= Source data =
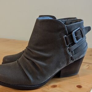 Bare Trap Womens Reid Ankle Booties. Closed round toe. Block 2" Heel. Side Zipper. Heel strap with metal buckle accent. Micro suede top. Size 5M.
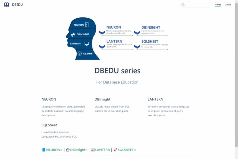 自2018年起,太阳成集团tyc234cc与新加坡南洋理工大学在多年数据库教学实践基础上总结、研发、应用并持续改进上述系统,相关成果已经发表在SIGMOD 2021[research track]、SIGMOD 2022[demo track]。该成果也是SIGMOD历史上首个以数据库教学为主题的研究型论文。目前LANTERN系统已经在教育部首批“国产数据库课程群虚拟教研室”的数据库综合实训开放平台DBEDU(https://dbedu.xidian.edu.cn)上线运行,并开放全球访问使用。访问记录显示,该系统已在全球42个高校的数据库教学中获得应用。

* * *

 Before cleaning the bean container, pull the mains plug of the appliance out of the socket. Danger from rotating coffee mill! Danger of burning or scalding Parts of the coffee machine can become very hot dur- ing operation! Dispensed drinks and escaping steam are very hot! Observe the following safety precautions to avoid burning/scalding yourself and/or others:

= Your goal =
An exact copy is needed. It runs from the line above containing "Bare Trap Womens" down to the line containing "2021[research track]、SIGMOD 2022[demo", both included, with no pictures.

= Solution to the exercise =
 Bare Trap Womens Reid Ankle Booties. Closed round toe. Block 2" Heel. Side Zipper. Heel strap with metal buckle accent. Micro suede top. Size 5M.
 自2018年起,太阳成集团tyc234cc与新加坡南洋理工大学在多年数据库教学实践基础上总结、研发、应用并持续改进上述系统,相关成果已经发表在SIGMOD 2021[research track]、SIGMOD 2022[demo track]。该成果也是SIGMOD历史上首个以数据库教学为主题的研究型论文。目前LANTERN系统已经在教育部首批“国产数据库课程群虚拟教研室”的数据库综合实训开放平台DBEDU(https://dbedu.xidian.edu.cn)上线运行,并开放全球访问使用。访问记录显示,该系统已在全球42个高校的数据库教学中获得应用。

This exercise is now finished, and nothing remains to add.